The taskset command will pin the NAPI thread to CPU2. This is what I see
in your trace where the interrupt is active. It is good to have them
(the interrupt and the interrupt thread or the NAPI thread in your
case) running on the same CPU. The chrt will adjust the priority of the
thread from SCHED_OTHER to a SCHED_FIFO priority 50.

By default all interrupt threads run at priority 50 (middle priority).
They get preferred over all tasks with lower priority including
SCHED_OTHER tasks. SCHED_OTHER (the default scheduling class) tasks get
preempted once they used their time slice so that they don't lock up the
system. This isn't the case with SCHED_FIFO.

This realtek/r8169 driver is not using interrupts threads in your
configuration. While I don't see any API breakage I am rethinking the
whole softirq concept and moving to NAPI threads might not be that bad.
Be aware that _now_ you don't have any "overloading" concept. I.e. what
should be done if the system is receiving a lot of packages that it
didn't ask for (say ping flood or so). Before this change, the NAPI
would hand over to ksoftirqd running at SCHED_OTHER so it would be
balanced with other tasks within the system.

An explanation of the trace you sent:
|  PacketErrorTest-2552  [002]   191.050337: irq_handler_entry:    irq=125 name=enp2s0
   Running Task          <CPU>               Interrupt occurred    network card

|  PacketErrorTest-2552  [002]   191.050339: softirq_raise:        vec=3 [action=NET_RX]
|  PacketErrorTest-2552  [002]   191.050339: irq_handler_exit:     irq=125 ret=handled
|  PacketErrorTest-2552  [002]   191.050340: sched_waking:         comm=ksoftirqd/2 pid=37 prio=120 target_cpu=002
|  PacketErrorTest-2552  [002]   191.050343: sched_wakeup:         ksoftirqd/2:37 [120] CPU:002

It scheduled NAPI (NET_RX) which is processed in softirq.

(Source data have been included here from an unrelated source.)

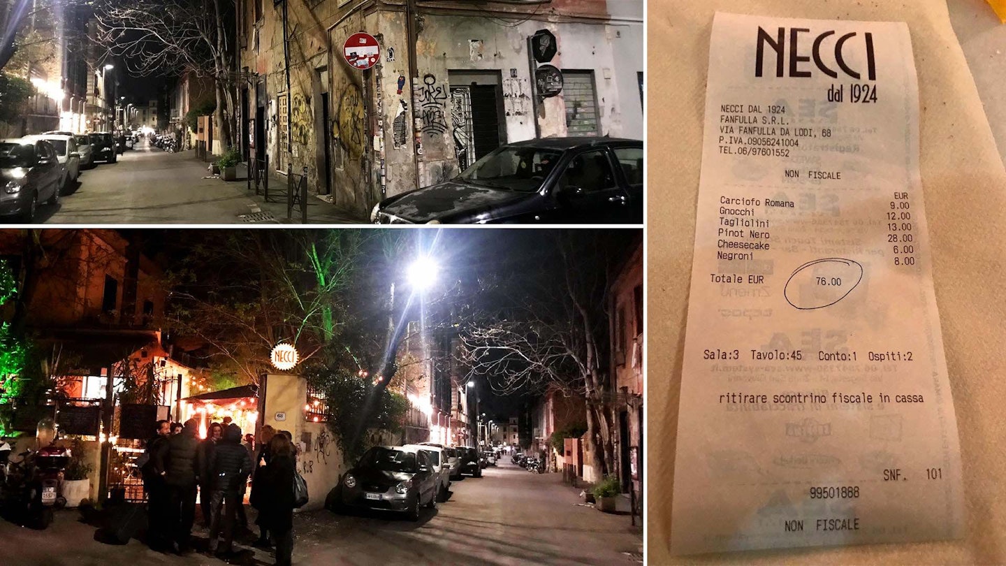 Midnight: After checking in and settling our city tourist tax of €16 for our four-night stay, we ventured out for dinner. Although it was late, Pigneto surprised us with an astonishing variety of late-night dining options. We ultimately decided on Necci dal 1941, a well-loved neighborhood spot, where we enjoyed a fried artichoke starter (€9) alongside a bottle of pinot nero (€28). I opted for gnocchi as my main dish (€12) and concluded with a cheesecake (€8) and negroni (€6) for dessert.
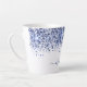 A stylish white background, decorated with dark blue faux glitter dust. Personalise and add your name written with a trendy hand lettered style script with swashes.
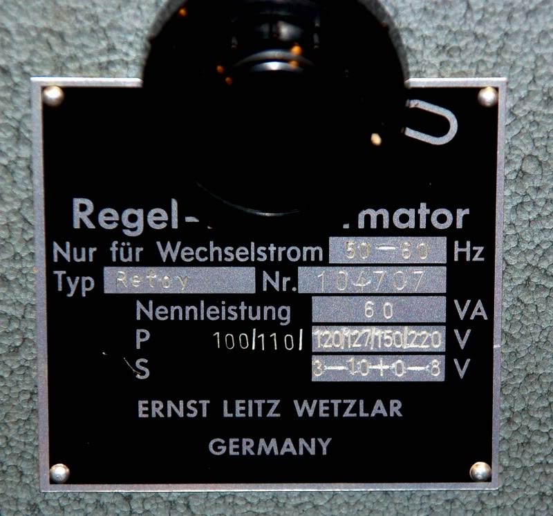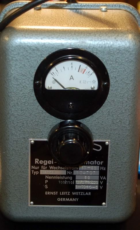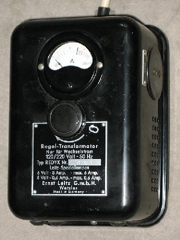 dieser Trafo (spätere Bezeichnung REDYX ) wurde von Leitz in zeitlicher Folge in verschiedenen Varianten gebaut. Die neuere Version hat nur einen Drehknopf für Netz ein-aus und für die Sekundärspannung 2 bis 10 V, 6A. Mit diesem Ausgang wurden damals ausschließlich die weitverbreiteten Kugellampen 6V 5A gespeist. Und mit dem Drehknopf konnte man die Helligkeit dieser Lampen regeln. Mit zuviel Strom gingen die Lampen schnell kaputt, deshalb beginnt der kritische (rote) Bereich auf dem Amperemeter bei 5 A. Außerdem gab es die gleichen Frühausfälle, wenn man bei der Einstellung >5 A den Netzschalter einschaltete.
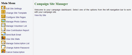 Main MenuAfter signing in to your SiteBuilder account, you will be presented with a main menu of options, similar to the sample menu shown here.
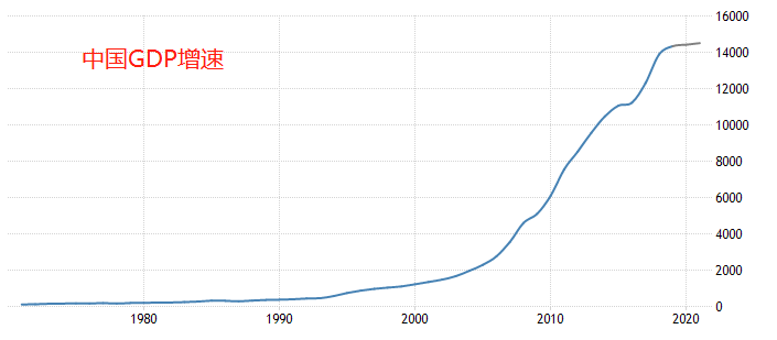 自1990年以来,日本的GDP总值以5万亿美元为中轴,相对规律的上下波动。当然,话说的难听一点:1990年至今,日本的GDP一直原地踏步,没有丝毫起色。可以拿中国的GDP总值做比较:
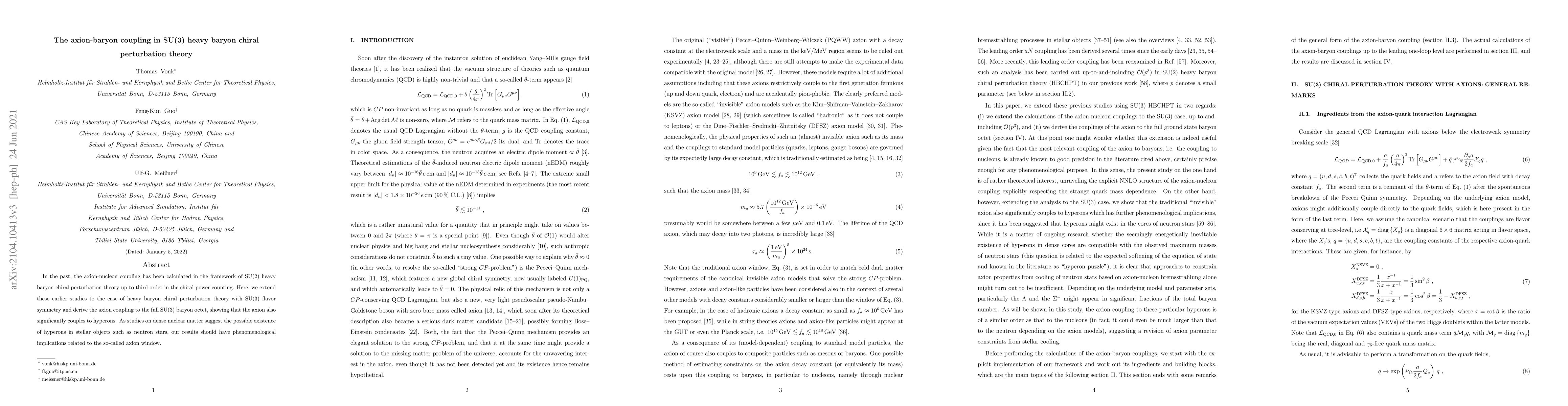 This paper extends the axion-nucleon coupling calculations to SU(3) heavy baryon chiral perturbation theory, revealing significant axion coupling to the full SU(3) baryon octet, including hyperons. These findings have implications for dense nuclear matter in neutron stars and the axion window.
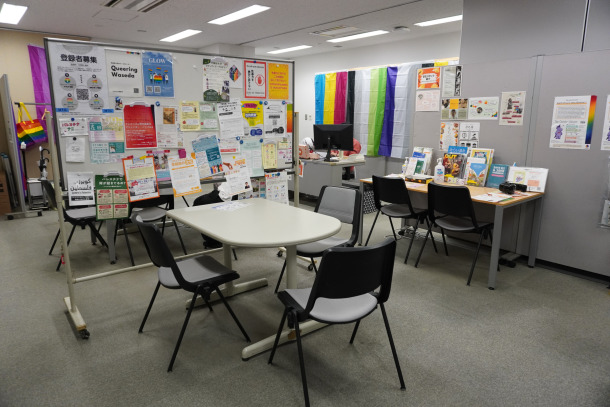 戸山キャンパス 30号館1階 学生会館にある本館のラウンジ風景。本棚にはジェンダーやセクシュアリティに関する書籍がズラリ! 早大生ならいつでも貸し出し可能
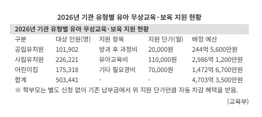 Per-child support rates by institution type will remain at the same level as in 2025, with differentiated amounts by category. For 101,902 children attending public kindergartens, 20,000 won per month will be provided for after-school programs, totaling 24.456 billion won. In private kindergartens, which enroll the largest number of children, 110,000 won per month in early childhood education fees will be provided for 226,221 children, with a total budget of 298.612 billion won. For 175,318 daycare users, 70,000 won per month will be offered as other necessary expenses, amounting to 147.267 billion won in total.
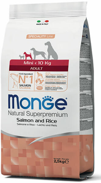 A Kibbles Monge Natural Superpremium speciális sor, a lazac és a rizs teljes méretű táplálékot kínál kis méretű felnőtt kutyák számára. Garantálják kutyájának jólétét, kiváló minőségű tápanyagoknak köszönhetően, amelyek a Made in Italy kutatás eredményei. Nagyon ízléses termékek, az egyetlen fehérjegarancia mellett: csak egy fajta hús. A fő összetevő a laza
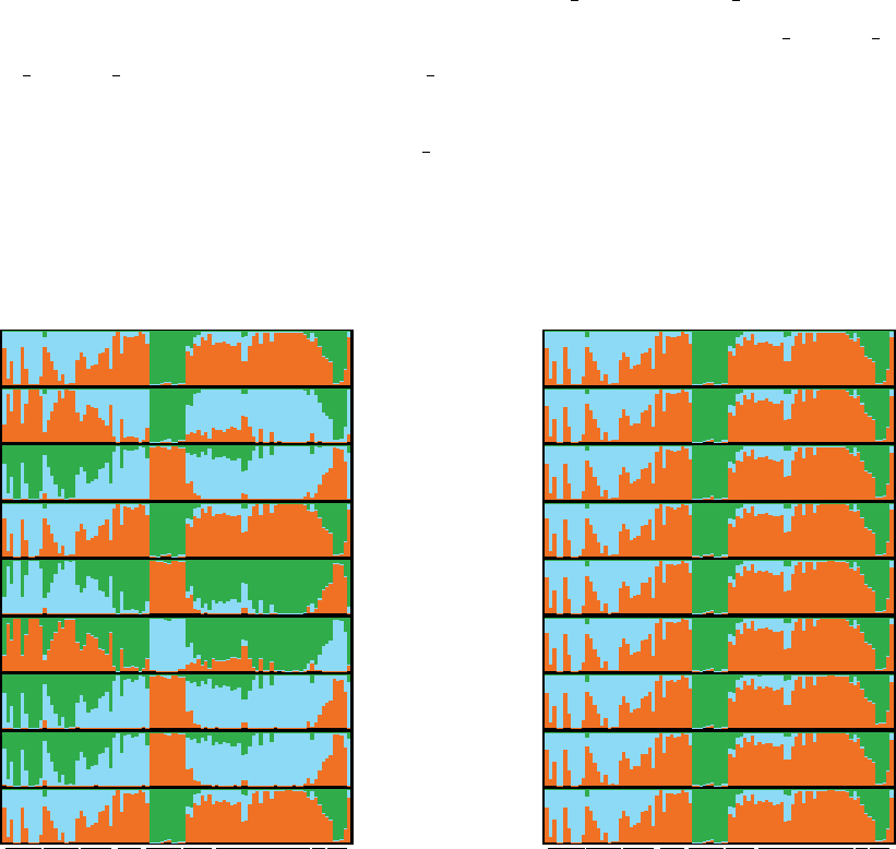 coefficients as in A, permuted using CLUMPP so that cluster labels match across runs.
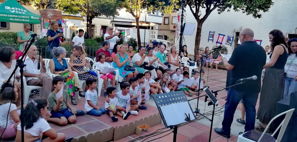 La plazoleta de san Isidro se llenó de color y contenido lúdico con la presencia de niñas y niños, como protagonistas, en el acto de clausura del campamento urbano que a lo largo de los meses de julio y agosto ha desarrollado la coordinadora contra la droga Barrio Vivo. La voz y la música de Olga Iglesias, a la guitarra acústica, y el sonido de la guitarra eléctrica de Miguel Domínguez, pusieron la nota sonora a una actividad que engalanó este rincón de Algeciras con dibujos, máscaras y otros trabajos manuales realizados por los menores de entre cinco a ocho años, que han disfrutado de una vacaciones activas y lúdicas en el Patio Alternativo de la ONG. La bienvenida recayó en Carmela Berrocal, técnica en dinamización emocional: “Aquí, hoy, los protagonistas sois vosotros, los niños”, indicó.
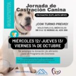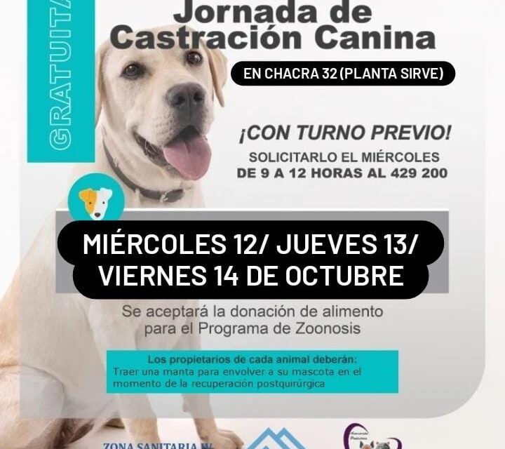 En octubre se realizarán tres Jornadas de Castración en el predio del SIRVe de Chacra 32. Será el miércoles 12, jueves 13 y viernes 14, de 10 a 18 horas. En esta oportunidad se trabajará en un horario extendido para abarcar la mayor disponibilidad posible de los vecinos y vecinas que deban concurrir con sus canes.
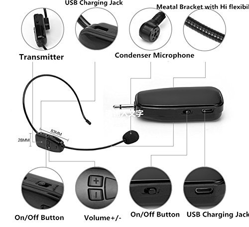 ♥Headset and handhold 2 in 1: remove the head bracket, hold the transmitter in hand, it will becomes a handhold microphone.2 in 1 USB Charging Cable. It can charge for headset microphone and signal receiver at the same time. Save half your time.

Since this
happened in hardirq context ("trace-cmd report -l" would reveal that) it
wakes ksoftirqd for the processing.

|  PacketErrorTest-2552  [002]   191.050344: sched_stat_runtime:   comm=PacketErrorTest pid=2552 runtime=587973 [ns] vruntime=15925574432 [ns]
|  PacketErrorTest-2552  [002]   191.050346: sched_switch:         PacketErrorTest:2552 [120] R ==> ksoftirqd/2:37 [120]
|      ksoftirqd/2-37    [002]   191.050347: softirq_entry:        vec=3 [action=NET_RX]
|      ksoftirqd/2-37    [002]   191.050351: softirq_exit:         vec=3 [action=NET_RX]

Here receiving of network packets is completed. Timing wise,
191.050351 - 191.050337 = 14us after the interrupt triggered. Looking
through the whole file, it ranges from 6us to 14us (17 samples).
So it doesn't look bad. If processing would get preempted and would need
a few millisecond then it would be bad.

> Rod Webster
> 
> VMN®
> 
> www.vmn.com.au

Sebastian